We Alive At This Time

Craig "The GratiDude" Jones
Notes From The GratiDude
3 min readApr 9, 2020
Photo Credit: Ben White/Unsplash

I don’t know what faith tradition you came out of, if any, or if you regularly attended any church or synagogue or other place of worship. You doubtless have been to some kind of memorial service for a deceased loved one or friend. Weddings are often in churches. My Sunday mornings in church for many years were taken up with Baptist musings on life and God and things spiritual and there was an order of worship, including invocation, shared hymn singing, an offering, a choir anthem, a sermon, a reading or two from the Bible, a benediction, announcements. The usual Protestant menu, not necessarily in that order.

If today, April 9, 2020, were a service of the Church of The Inquiry Into A Gratitude-Inspired Life, I would be the one standing up to deliver the reading, along with some thoughts, and it would sound something like this.
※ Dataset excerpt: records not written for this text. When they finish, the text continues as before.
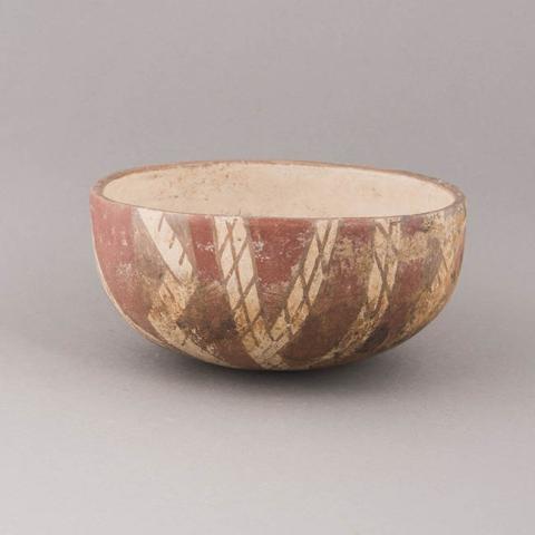 Continente o vasija semiesferoidal , no restringida, con base circular cóncava o hendida, su silueta o contorno sin punto angular o de quiebre y en un mismo sentido o dirección. Superficie tratada en la técnica de engobe, con pigmento colorante, ya sea por pintado o inmersión de la pieza. Su interior es blanco y muestra una guarda decorativa externa, próxima al punto de término ( labio-contorno), en fondo blanco con diseños geométricos diversos , en tonos negro y rojo.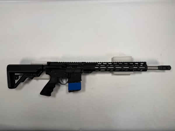 This used Rock River Arms LAR-15M All Terrain Hunter is chambered in .450 Bushmaster and features a 16" stainless steel barrel with a free-float M-LOK handguard. Built on the LAR-15M platform, it includes an adjustable RRA Operator CAR stock. Shows normal signs of regular use and functions as intended.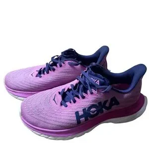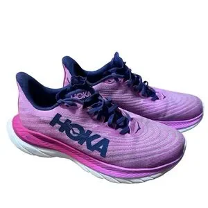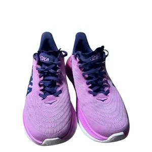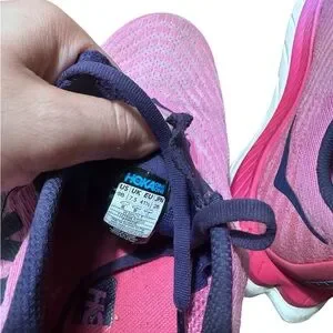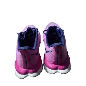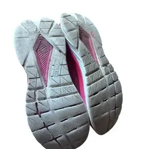 Cushioned running shoes with responsive midsole. Breathable knit upper for airflow. Secure fit with padded tongue and collar. Durable outsole for road traction. Bold pink color with navy branding and laces.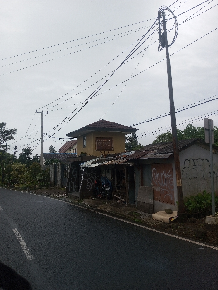 A street view under a cloudy sky reveals a stark contrast. A weathered roadside structure displays graffiti and a dilapidated roof, contrasting with an elevated, tan-colored building behind it. Utility poles and tangled wires dominate the sky. The road surface is wet and dark. Vegetation and trees are visible in the background, adding to the overall scene. A sign is visible on the elevated building.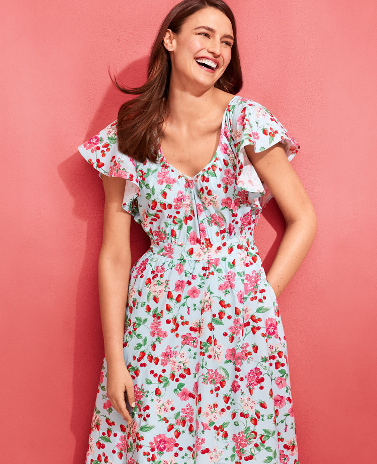 Petite Floral Flutter Sleeve Flare Dress Very well made.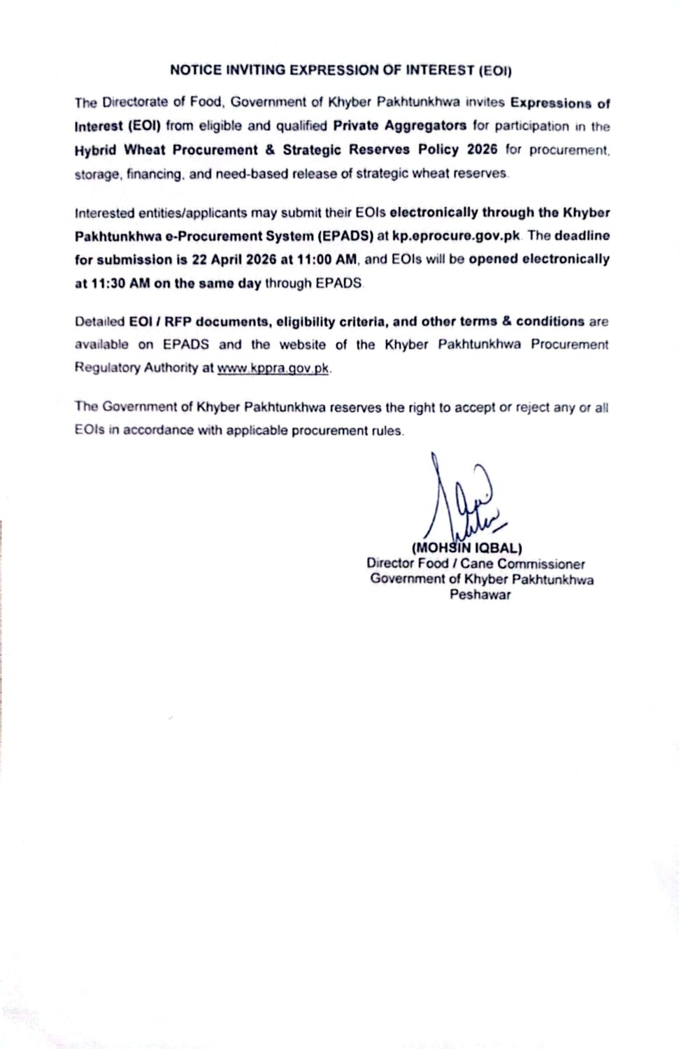 This tender from the Directorate of Food, Government of Khyber Pakhtunkhwa, based in Peshawar, invites qualified private aggregators to participate in the Hybrid Wheat Procurement and Strategic Reserves Policy 2026 under the Agricultural Inputs & Equipment category. The department seeks to engage entities for procurement, storage, financing, and need-based release of strategic wheat reserves.

Ladies and gentlemen, good morning. You may be seated.

My text today is from Joseph Campbell.

“The warrior’s approach is to say yes to life, yea to all of it. If you say no to one little detail of your life, you’ve unraveled the whole thing. You have to say yes to the whole thing, including its extinction. That’s what’s known as ‘joyful participation in the sorrows of the world.’ ”
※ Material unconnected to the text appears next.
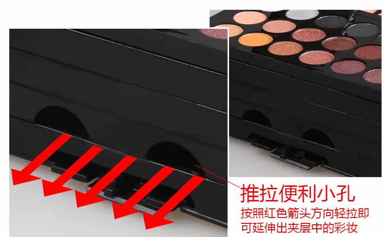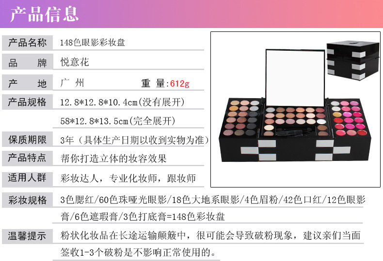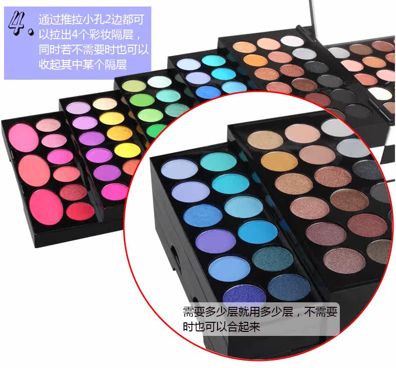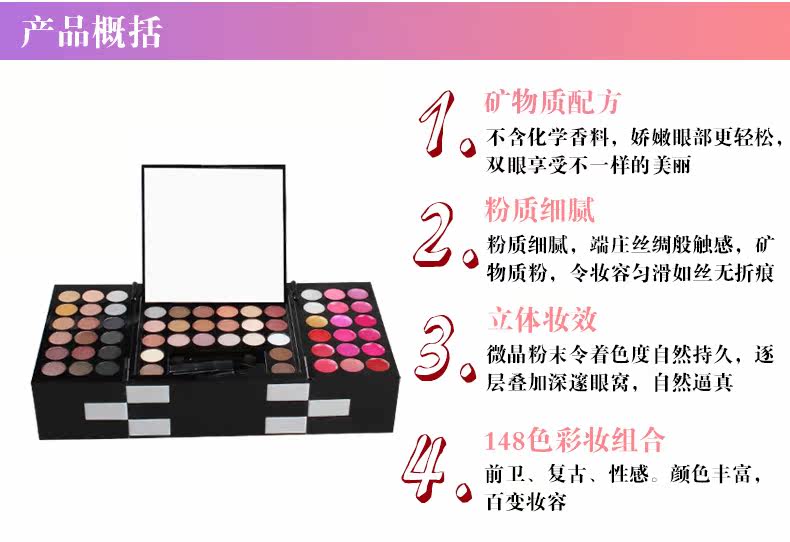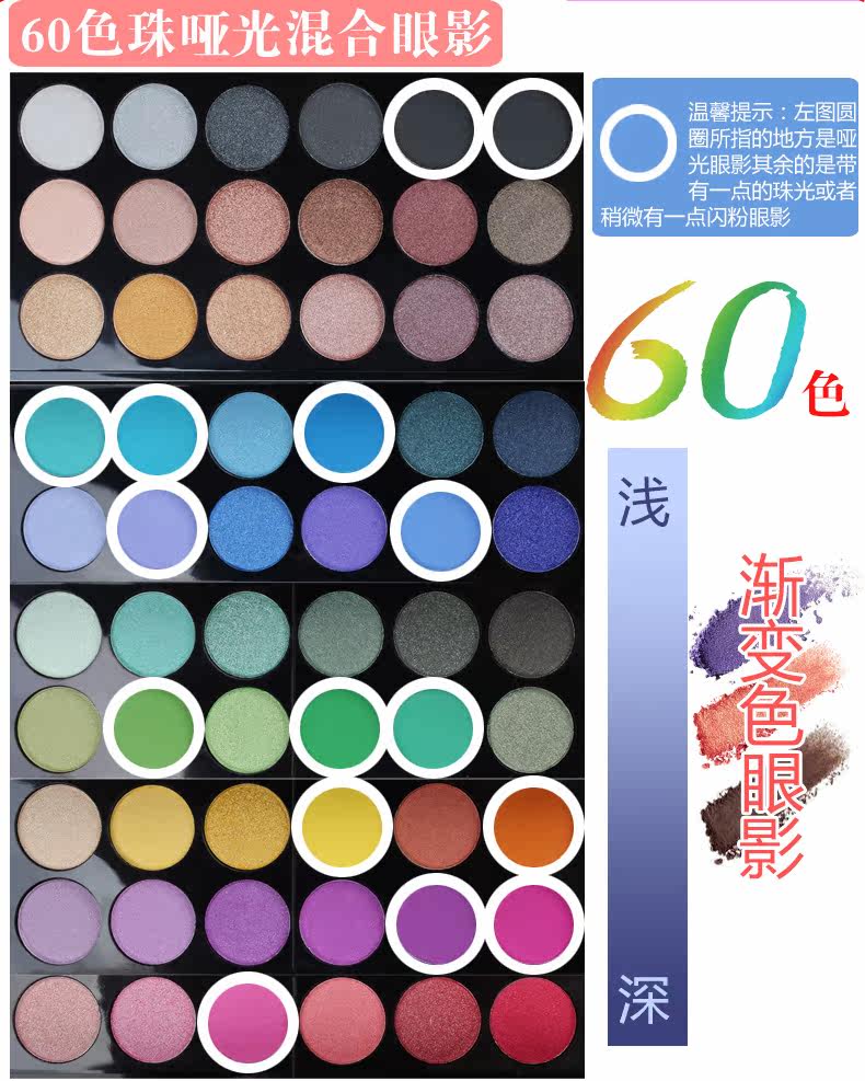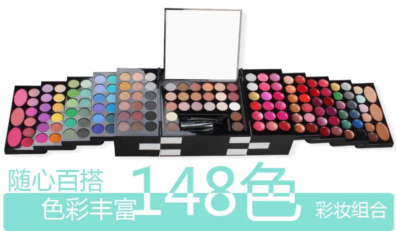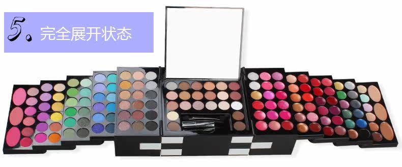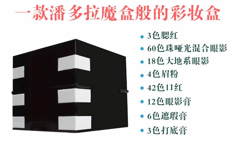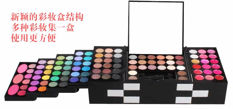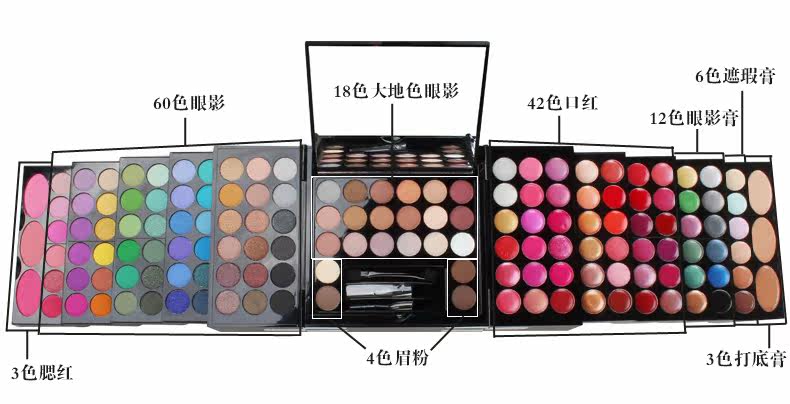 彩妆规格:3色腮红/60色珠哑光眼影/18色大地系眼影/4色眉粉/42色口红/12色眼影膏/6色遮瑕膏/3色打底膏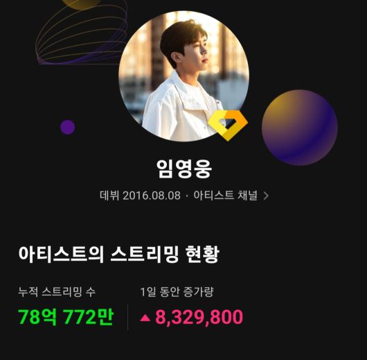 특히 임영웅은 7월 20일 기준, 이미 78억회 스트리밍을 돌파하면서 골드클럽을 이미 넘어섰고 다이아 클럽 달성을 위해 초고속으로 달리고 있다.

My friend told me the other day about an interview with a Rabbi and a pastor on the NPR program “Here and Now.” They were there to talk about how their congregations were managing the Passover and Easter celebrations in this current reality. One idea that surfaced was that this is actually a time of grace. The pastor said “We’ve kind of couched the coronavirus as this antagonism. You know, we’re actually walking through the Book of Acts right now. And so Acts is about the birth of the church and how there was an antagonism. How do we live out our faith whenever we feel like we’re being challenged?”
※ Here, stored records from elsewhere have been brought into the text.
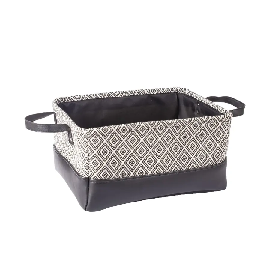 Basket YANA-3, 36x26xH20cm, black and white pattern. Material: polyester and polyurethane storage basket. Black handles.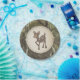 Baby shower paper plates featuring an illustration of a baby deer with a camo background.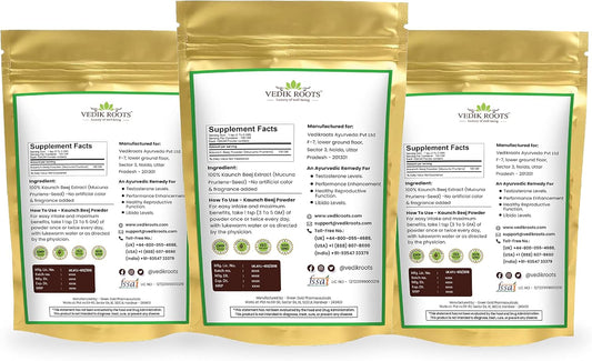 3 Pack VEDIKROOTS Kaunch Beej Powder for Enhanced Strength and Stamina - 100Gm Each
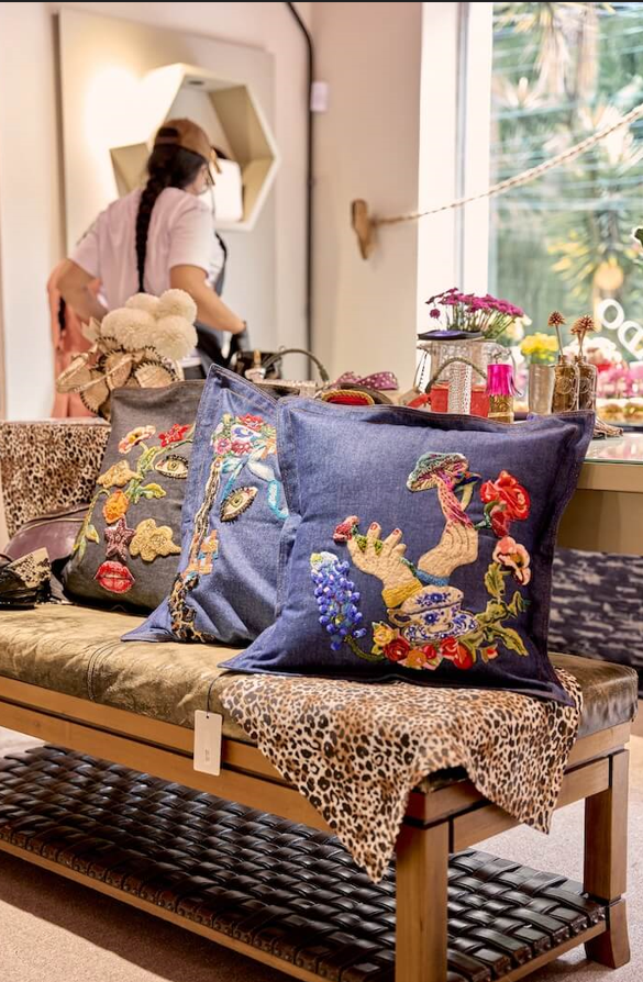 El resultado fue una colección de piezas únicas: desde calzado y accesorios hasta artículos para el hogar como caminos de mesa, cojines y más. La casa se llenó con los colores, hilos y texturas de los bordados a mano de Amarpo Design, creando diseños audaces que elevaron cada pieza, junto a la confección de Nimes. En este mismo espacio, convivieron las propuestas de diseñadores como Camilo Álvarez y 20 marcas más, demostrando el poder de la colaboración, llevando la versatilidad de nuestros tejidos a nuevos horizontes.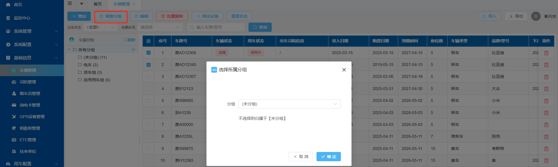 2、将车辆展示切换为列表模式,勾选需要分组的车辆,点击上方的“调整分组”,选择车辆所有分组,点击“确定”按钮保存;

Yes to all of it? A time of grace? Seriously? How do I reconcile my personal notion that all of this is an opportunity with the fact that people are homeless, hopeless, dying? Sounds almost self-indulgent. So, what do we make of “Say yes to all of it?”

I came under the influence of the outlandish idea that one could ask even in the worst situations, even with a loved one’s death, “what’s great about this?” Even if there’s no answer available immediately, the mere asking of it is powerful, even if you don’t mean it. My friend told me about the death of a friend and how he felt it was incumbent on him to ask that question in order to live authentically a life of gratitude. You don’t get to cherry pick. You have to say “yes” to all of it, like Joseph Campbell said.

So I’ve been taking that on and using it whenever I remember and it’s very difficult to ask “what’s great about this?” in certain situations, there’s no question about that. But there’s apparently some good scientific evidence that the mere asking is powerful even without an answer.

It makes more sense of an idea like Terry Patten’s. “We alive at this time are the luckiest people who have ever lived — and the ones facing the wildest, most terrifying challenges. This is not just a ‘deep paradox,’ it’s an existential invitation to keep waking up, right now.”